Comparing Bref (https://bref.sh/docs#maturity-matrix) which inherits Lambda's 200ms+ cold starts vs Cloudflare's 5ms (https://blog.cloudflare.com/eliminating-cold-starts-with-clo...), for example, is a pretty big difference.

But I guess if performance isn't a critical use (or you just have so many invocations all the time in every data center that cold start isn't an issue), it's nice to be able to ~port~ copy and paste over your existing PHP code.

As you can see on the website (https://bref.sh/) there's 13 billion monthly AWS Lambda invocations using Bref (PHP).
That doesn't really say much. Isn't the whole point of serverless to support high-volume, individually-inexpensive, invocations?

For context, 13B is like roughly a <strike>$2000</strike> (edit: more like $4000, sorry) spend on Cloudflare Workers, similar cost (harder to calculate but ballpark similar) on Lambda. That could be a single company spending the bulk of that.

(Further edit: Lambda pricing is way off too. See reply below.)

That ballpark is not even close to the park. My company spends ~$500/month on AWS Lambda and we're doing about 2M/req/day with Bref.
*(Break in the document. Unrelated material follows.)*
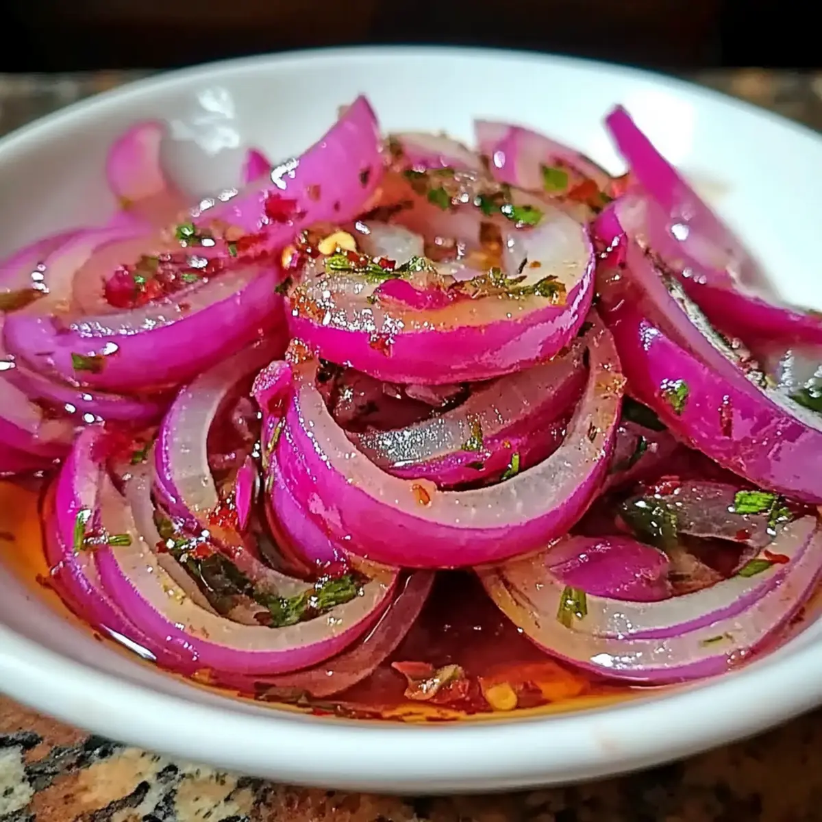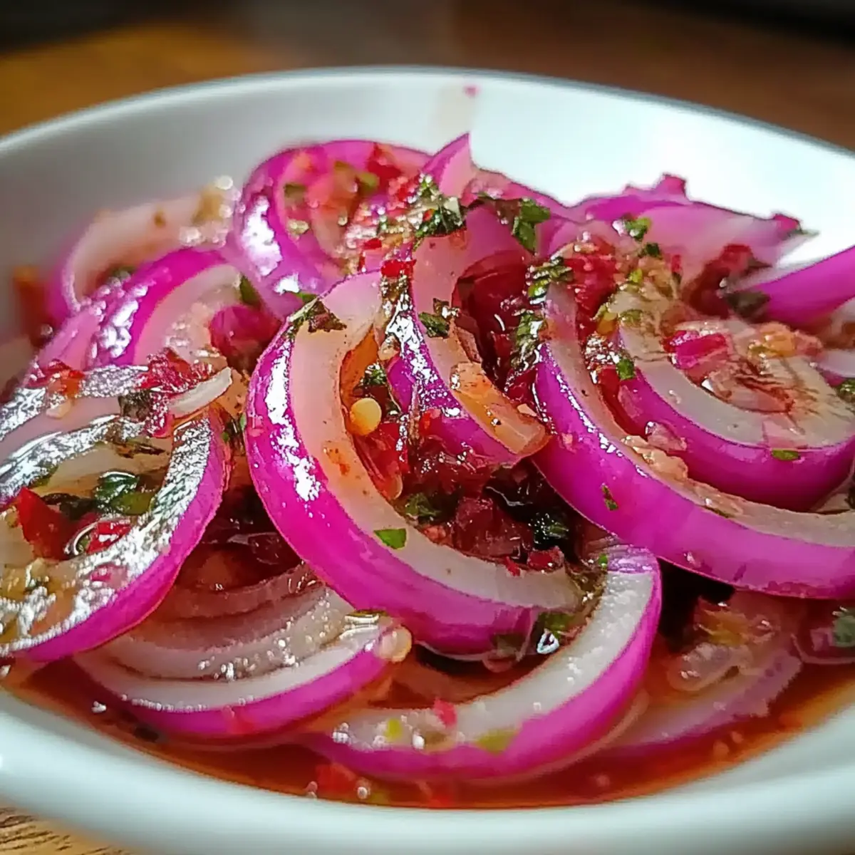 • Red Onions – The primary ingredient; their crisp texture absorbs flavors well. Use white or yellow onions if desired, although the taste and color will vary.

There's still 12B 940M requests to account for
Thank you, and sorry about that!

How come Lambda is so expensive for you?

At 13000M invocations/mo, that's $2600 in requests. Is it the GB-seconds duration charge that get you?

The GB-second is the relevant cost of AWS Lambda. # of invocations is pretty irrelevant.

60'000'000 requests

1536MB RAM

300ms response avg

(calculation includes free tier):

Request costs: $11.80/month

Execution costs: $443.42/month

Total AWS Lambda costs: $455.22/month

I see, thank you for the explanation! Sorry for my mistaken assumptions.